Troy Hunt’s haveibeenpwned.com has published information about a leak of over 60m South African records which seem to originate from the Master Deeds office. The database file was residing on a server hosted with a South African hosting provider and the access to the file was public and in clear text – i.e. accessible to everyone. I personally do not believe that the data originated from the Master Deeds office alone and the data was possibly sourced from a number of providers.

While the local media is starting to publish sensationalist stories about how the “hack” occurred, most of the information published is inaccurate, makes assumptions, blames the wrong people and massively overlooks some key aspects:

It was not a hack

The South African ECTA (Electronic Communications and Transactions Act, 2002) covers in great detail Unauthorised access to, interception of or interference with data and to anyone having accessed a database dump consisting of almost every person in South Africa it would be obvious that this access is illegal and unauthorised, despite the information being made public.

For the technically not so inclined, the database file was residing on a server and could be downloaded via a browser via an URL such as http://IP-NUMBER:443 and the server was hosted in South Africa:

It does not require “hacking” or elite security skills to find this type of information as in most cases search engines such as Google will index those backup files. Right now, Google has over 1,100 SQL dumps available on South African domains:

The files themselves resided on the root of the webserver as tweeted as “masterdeeds.sql” and a compressed version “masterdeeds.sql.gz”:

It’s unclear how many people had access to the above, but the files have a date of 2015-04-08. The compressed version was either copied 27 minutes later or it took 27 minutes to compress the larger file on the same day. The purple links indicate that the person accessing the server has visited those sub-directories.

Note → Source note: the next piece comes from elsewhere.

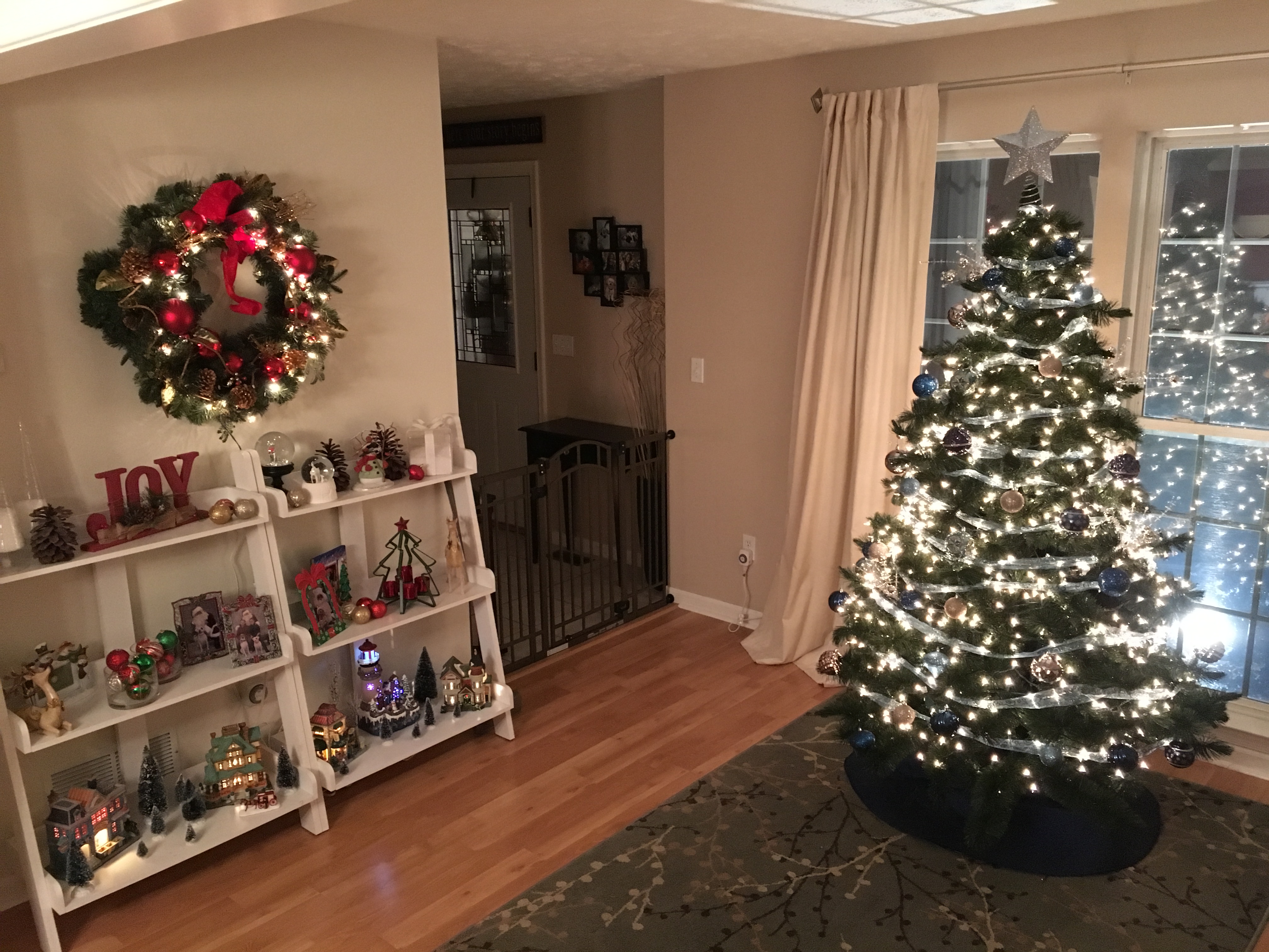 Here's what little I have finished. Not sure what's up with the lighting of the Christmas tree pic. I still have a village to get out and my outside decorations (if it ever stops raining in North Alabama). This is my favorite time of year!

It is not a “massive” database for email spam

Out of the 60 million records in the database dump, only 2.2 million records contained email addresses and the file also contained about 9m deceased records. Based on checks via Troy Hunt’s website, I have established that my records are in the database (at least one email address last used around 2011) and I doubt that the email data is current/fresh enough to engage in email campaigns (there are other questionable services available in South Africa to acquire more up-to-date email databases).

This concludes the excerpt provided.